Dr. Abele asked Dr. Kirby Kemper, Vice President for Research, to explain the Classified Research agenda item. Dr. Kemper provided background on the issue. He said that there is a campus committee called the Council on Research and Creativity. It is composed of about forty faculty members and they provide advice on research policies and also oversee internal grant programs. In 1979 they adopted what is called a “red book,” which contains the policies that govern the Office of Research. They passed a rule prohibiting Florida State University from conducting classified research. In 2000 the Office of Research formed the Center for Advanced Power Systems (CAPS), a center located at Innovation Park that is funded by the Office of Naval Research. The Center for Advanced Power Systems works very closely with an industrial advisory board composed of twenty very large companies. The industrial advisory board asked the Office of Research if FSU would consider conducting classified research at the CAPS facility as part of the research efforts there because they would like to make use of its unique facilities. This past fall the Council on Research and Creativity unanimously passed a change to the old policy by allowing classified research. Dr. Kemper asked the Board to do three things; first, to change the policy at Florida State University to allow the conduct of classified research, second, to adopt a resolution that delegates the oversight of the classified facility from the Board of Trustees to an Executive Committee that is composed of the President, Provost and Vice President for Research, and third, to appoint the Board of Oversight to be the President, Provost and Vice President for Research.

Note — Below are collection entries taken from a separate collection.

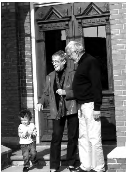
Bij het gemeentehuis in Eibergen.

muur waar ooit het huisnummer heeft gehangen dat op de foto te zien was. Dit gaf een heel bijzonder gevoel
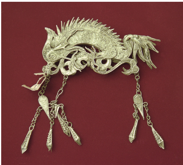
Рис. 2. Заколка-зажим. XIX в.

две стилизованные монеты и четыре гнезда для камней, камни отсутствуют.
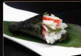
155. T. CALIFORNIA € 4,00 surimi di granchio* avocado cetriolo maionese
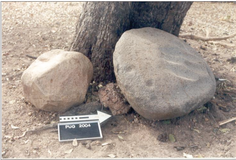
Photo 11. Les sièges éponymes de Pugneer Kugri .

La pierre qui fut le siège de la belle femme est en fait un bloc de granite de forme arrondie de 0,70 m de diamètre. Elle est adossée au tronc du Diospyros mespiliforma avec au-dessous un petit bloc de latérite. Sa surface présente 12 traces de polissage ressemblant à des meules.
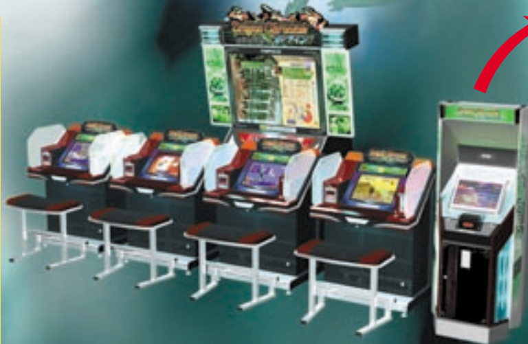
(エントリーステージ)

ドラゴンカードに加えて、新たにタイマーカードが導入された。これで、プレイヤーの対戦成績、称号といった情報がひとまとめに分かるようになったぞ。タイマーカードの購入、各種登録、ランキングやカードデータの閲覧等は新たに導入された「エントリーステージ」で行うのだ。それぞれドラゴンカードはタイマーカードに所有登録されるので、「他のプレイヤーの所有するドラゴンと融合しないと生まれないドラゴン」といった、新たな融合条件も発生するぞ!
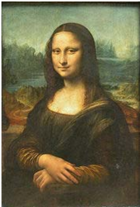
La Mona Lisa, de Leonardo da Vinci

Estos tres autores son los maestros italianos, aunque tienen su precedente con Fra Angélico y Botticelli , entre otros.
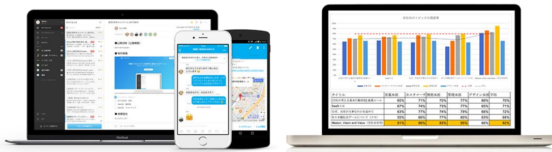
▲社内コミュニケーションツール「Oneteam」

株式会社 Oneteam は、「生産性の高い組織」づくりを実現するための社内コミュニケーションツール「Oneteam」を展開しています。「Oneteam」は、組織におけるコミュニケーションの課題発見・原因分析・解決策の実施・振り返りまでをサポートしており、情報の透明性を上げ、組織の生産性を高めるためのコミュニケーションツールとして、800社を超える企業・団体に利用されています。
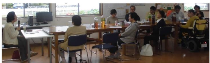
管理栄養士さんによる健康で長生きできる食事の話

☆9月21日には、ケアプランセンター主催の「健康福祉祭」を開催いたします。ぜひ、ご近所・お友達をお誘いお越しください♪
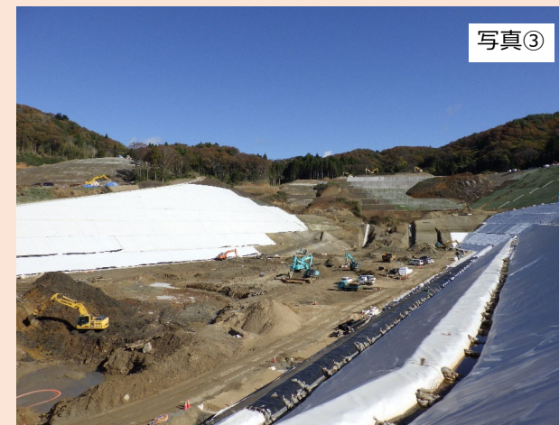
埋立地南側の斜面（③地点）から北東方向（第1期埋立地予定地）を撮影したものです。 埋立地付近の造成工事を行っております。
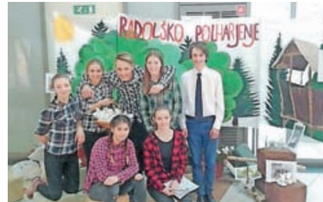
Člani turističnega krožka Osnovne šole A. T. Linhartar
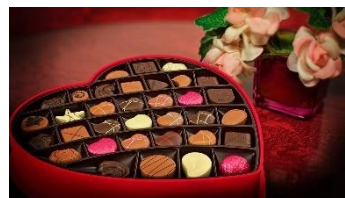
Kuva 4 sydänsuklaarasia
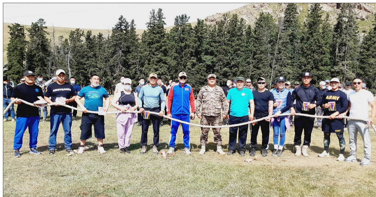
Зэвсэгт хүчний 016 дугаар нэгтгэл

Тус нэгтгэлд алба хааж буй хошууч цолтой бүрэлдэхүүний санаачилгаар 10 километрийн маршийг "Цол бүхэн сайхан" уриан дор Цэцээ гүний ноён оргил руу зохион байгуулж явууллаа.
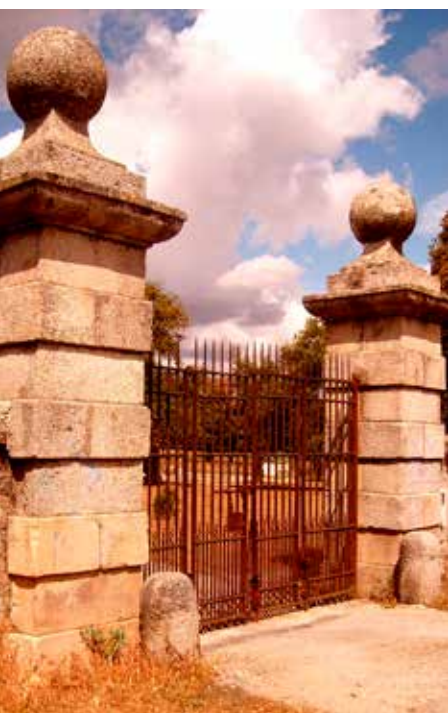
Puerta de El Goloso
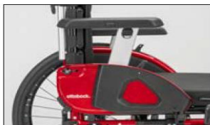
ME17 Side panel with arm support long, height-adjustable
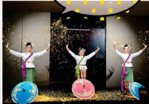
ワットアルンCLCウェルカムタイダンス
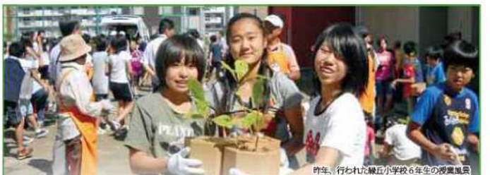
昨年、行われた東山小学校6年生の授業風景
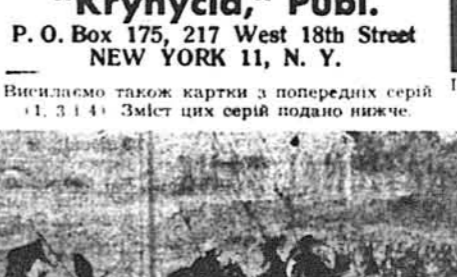
Василь Кричевський: Київ. Вигляд на Печерську Лавру (4-та серія)
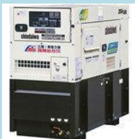
エアコン・照明設備に同時対応できる発電機 (町内自治会では唯一の設備)
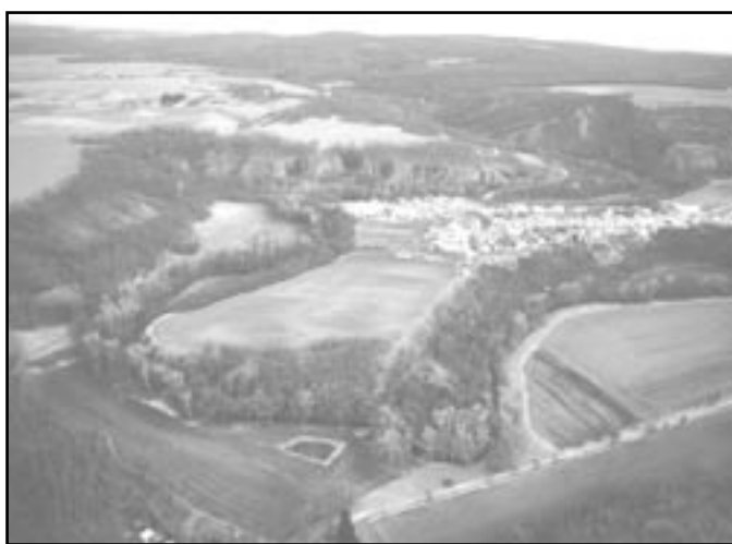
Celkový pohled na hradiště (Čizmář M., Encyklopedie hradišť, 2004)

Hradiště bylo zřejmě přístupné od jihu, v místech dnešní silnice do obce. Další cesta vedla příkopem od severovýchodu mezi Malými Hradisky a Velkým Hradiskem. Třetí přístup, spíše jen
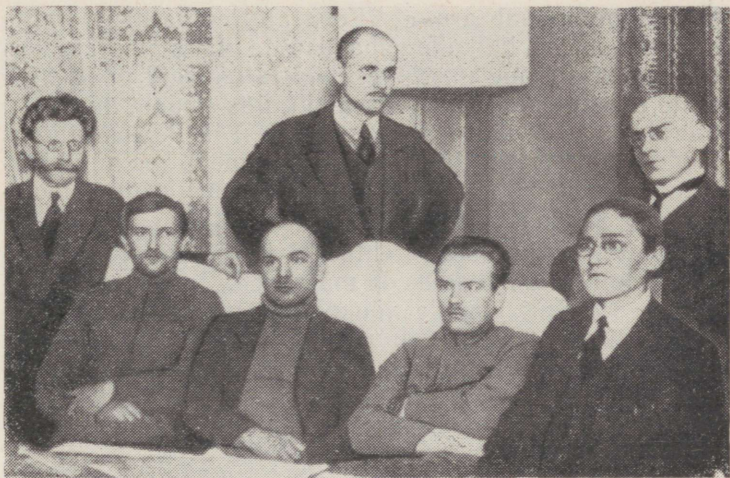
Eesti Tööraha Kommuuni Nõukogu.
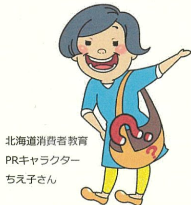
北海道消費者教育 PRキャラクター ちえ子さん
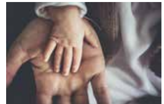
Vi velsigner og ber for hverandre.
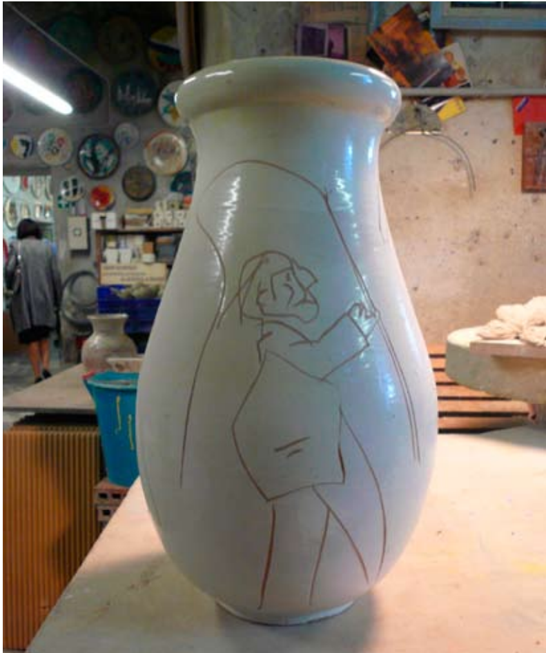
Emilio Tadini Senza titolo , 1990, cm 37 x 22
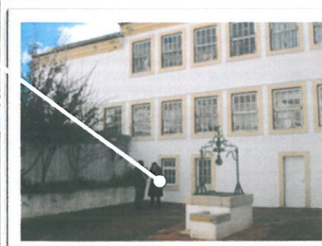
Poço (cisterna) e fachada SE do claustro (Lar da Santa Casa da Misericórdia)
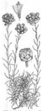
SEMPREVIVA BORDA ( Helichrysum stoechas )
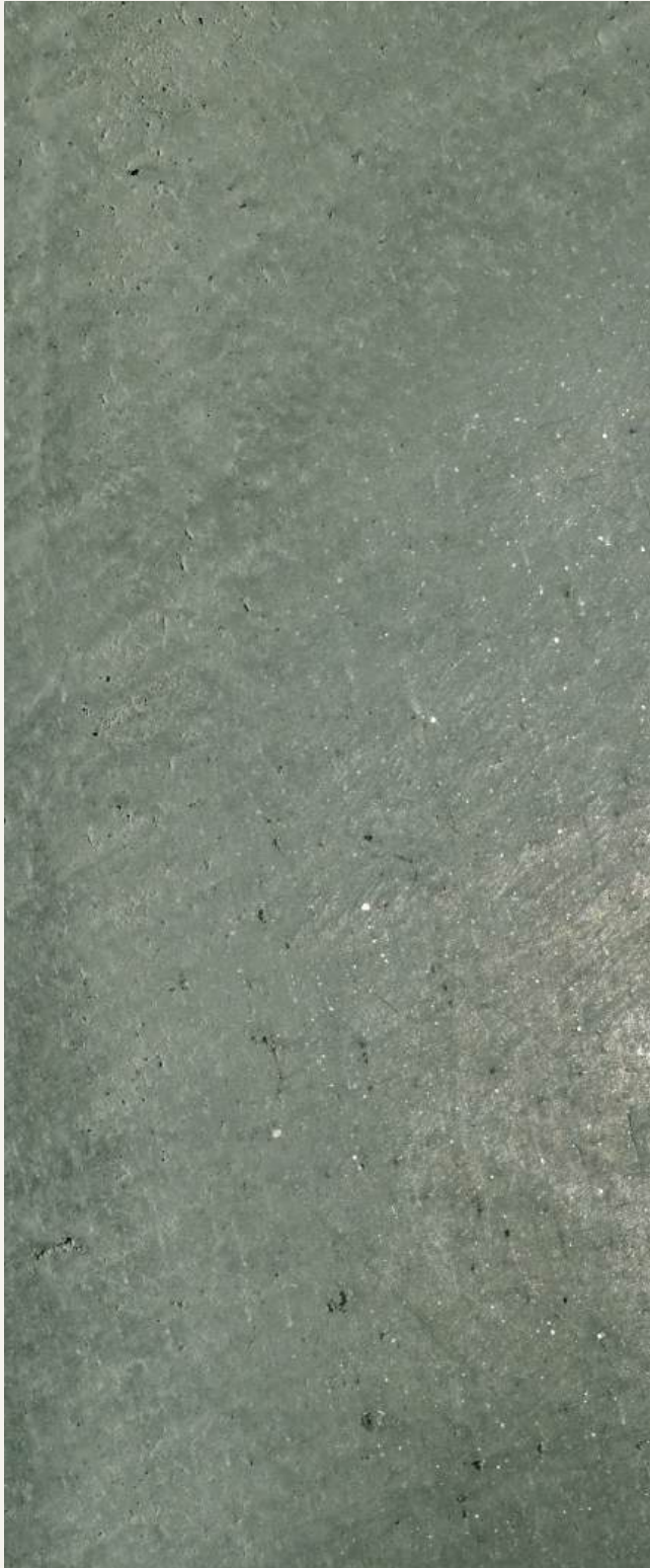
TEODORICO TD 19200 & CERA WAX PLUS (dilution 1:1)

Chairman Smith asked that the question of whether certain research is exempt from the public records laws be explored. Trustee Haggard made a motion to change the policy, adopt the resolution and appoint the Board of Oversight. Trustee Duda seconded the motion, which passed unanimously.

Amendment of Regulation 6C2R-4.071, Faculty Practice Plan

Dr. Abele explained the modification of the College of Medicine’s Pensacola campus Sacred Heart Hospital faculty practice plan. It allows the establishment of a reimbursement program so that when faculty and students are working with a patient, the other hospitals can also be reimbursed. Trustee Knowles made a motion to approve the Amendment of Regulation 6C2R-4.071, Faculty Practice Plan. Trustee Ford seconded the motion, which passed unanimously.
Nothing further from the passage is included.